Model + losses + eval ready.


In [22]:
# Cell 12: Train LightGCN on Graph3 — propagate per update step (most stable)
# - No caching of all_emb across many backward calls
# - No retain_graph needed

import time, math
import numpy as np
import torch
import torch.nn as nn
import pandas as pd

EMB_DIM = 64
NUM_LAYERS = 3

LR = 2e-3
WEIGHT_DECAY = 0.0

BATCH_SIZE = 4096
ACC_STEPS = 16
EPOCHS = 40

USER_BATCH_EVAL = 1024
PATIENCE = 6
MIN_DELTA = 1e-4

SEED = 42
torch.manual_seed(SEED)
np.random.seed(SEED)

print("Training config:", {
    "EMB_DIM": EMB_DIM, "NUM_LAYERS": NUM_LAYERS,
    "LR": LR, "WEIGHT_DECAY": WEIGHT_DECAY,
    "BATCH_SIZE": BATCH_SIZE, "ACC_STEPS": ACC_STEPS,
    "EPOCHS": EPOCHS, "USER_BATCH_EVAL": USER_BATCH_EVAL,
    "PATIENCE": PATIENCE, "MIN_DELTA": MIN_DELTA
})

# -------------------------
# Model
# -------------------------
class LightGCN(nn.Module):
    def __init__(self, num_nodes: int, emb_dim: int = 64, num_layers: int = 3):
        super().__init__()
        self.num_layers = num_layers
        self.emb = nn.Embedding(num_nodes, emb_dim)
        nn.init.normal_(self.emb.weight, std=0.01)

    def propagate(self, A_norm):
        x0 = self.emb.weight
        out = x0
        x = x0
        for _ in range(self.num_layers):
            x = torch.sparse.mm(A_norm, x)
            out = out + x
        return out / (self.num_layers + 1)

def bpr_loss(u, p, n):
    pos = (u * p).sum(dim=1)
    neg = (u * n).sum(dim=1)
    return -torch.log(torch.sigmoid(pos - neg) + 1e-12).mean()

model = LightGCN(num_nodes=num_nodes, emb_dim=EMB_DIM, num_layers=NUM_LAYERS).to(DEVICE)
opt = torch.optim.AdamW(model.parameters(), lr=LR, weight_decay=WEIGHT_DECAY)
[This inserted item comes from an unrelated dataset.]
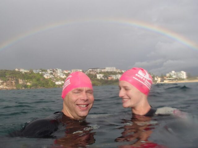 Thanks guys for a beautiful 6km swim – great company, rain, sun, rainbows and lots of fish (and no big ones with teeth!!) What a great morning. Lori – give those shoulders a rest and yourself too!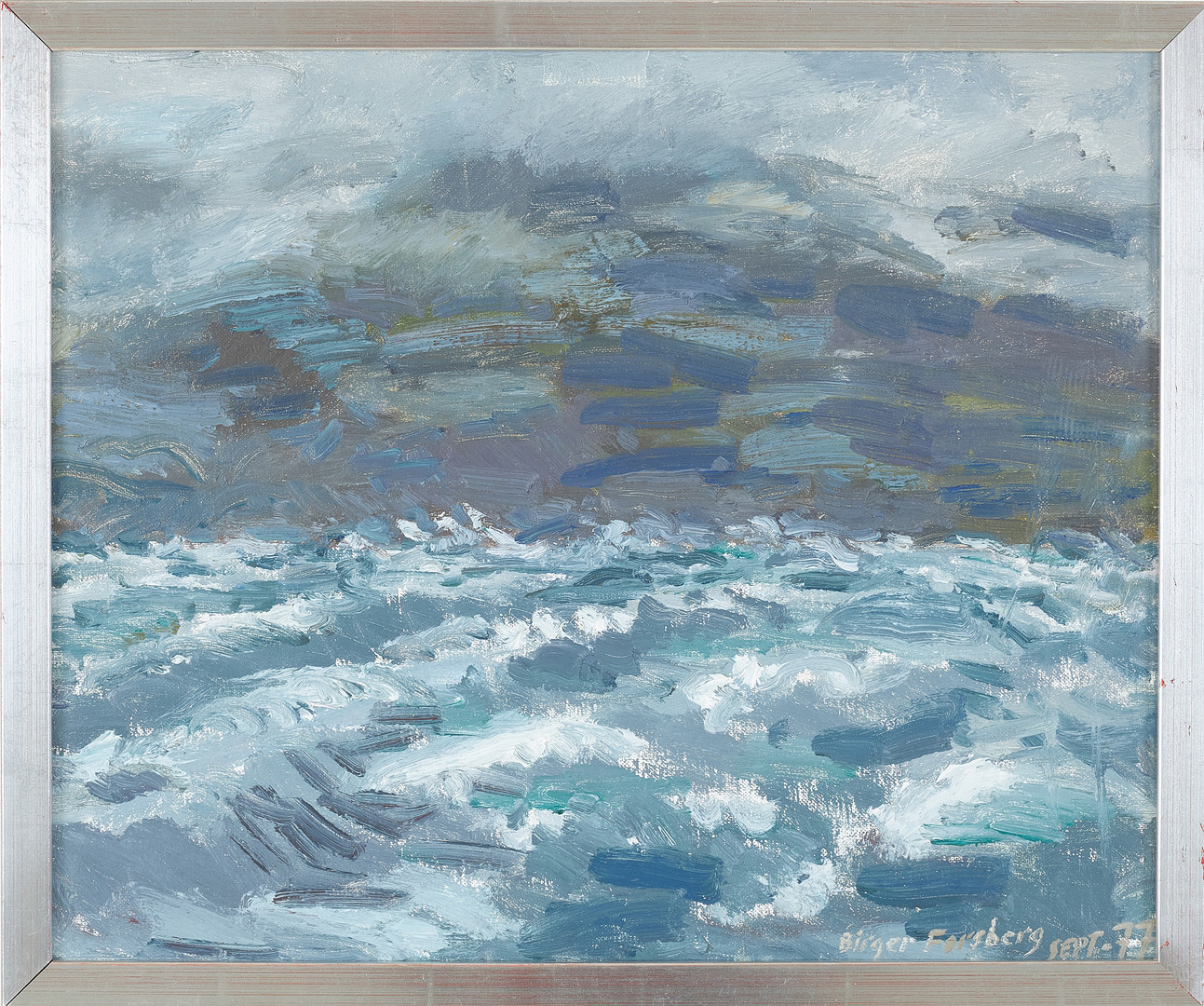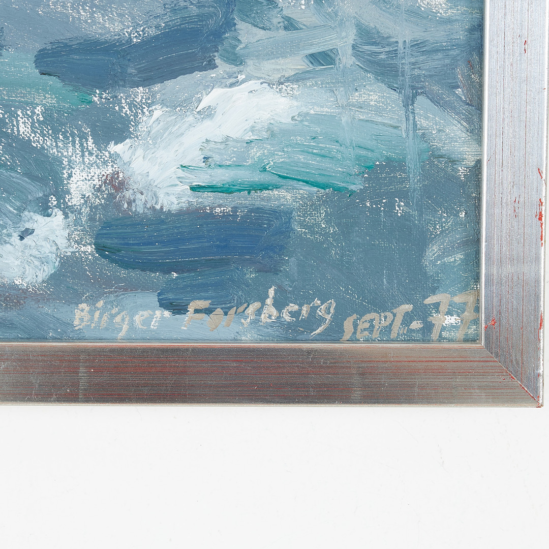 BIRGER FORSBERG (1922-2012). "På Håkon Jarl, Hurtigrutten Sept -77", olja duk på pannå, signerad och daterad.

A_norm = A_norm.to(DEVICE)

# -------------------------
# Data
# -------------------------
train_users = train_ui[:, 0].astype(np.int32)
train_pos_items = train_ui[:, 1].astype(np.int32)
n_train = len(train_users)
n_batches = math.ceil(n_train / BATCH_SIZE)

def sample_negatives(users_np: np.ndarray, n_try: int = 8) -> np.ndarray:
    neg = np.random.randint(0, B, size=len(users_np), dtype=np.int32)
    for _ in range(n_try):
        bad = np.zeros(len(users_np), dtype=bool)
        for i, u in enumerate(users_np):
            seen = train_pos.get(int(u), None)
            if seen and int(neg[i]) in seen:
                bad[i] = True
        if not bad.any():
            return neg
        neg[bad] = np.random.randint(0, B, size=bad.sum(), dtype=np.int32)
    return neg

# -------------------------
# Train + early stop
# -------------------------
history = []
best_ndcg10, best_epoch = -1.0, -1
best_state = None
pat = 0

for epoch in range(1, EPOCHS + 1):
    t0 = time.time()
    model.train()

    perm = np.random.permutation(n_train)
    epoch_loss = 0.0

    opt.zero_grad(set_to_none=True)

    for bi in range(n_batches):
        sl = slice(bi * BATCH_SIZE, min((bi + 1) * BATCH_SIZE, n_train))
        idx = perm[sl]

        u = train_users[idx]
        p = train_pos_items[idx]
        n = sample_negatives(u)

        u_t = torch.from_numpy(u.astype(np.int64)).to(DEVICE) + user_offset
        p_t = torch.from_numpy(p.astype(np.int64)).to(DEVICE) + book_offset
        n_t = torch.from_numpy(n.astype(np.int64)).to(DEVICE) + book_offset

        # ключ: propagate под каждый шаг (граф уникальный -> backward безопасен)
        all_emb = model.propagate(A_norm)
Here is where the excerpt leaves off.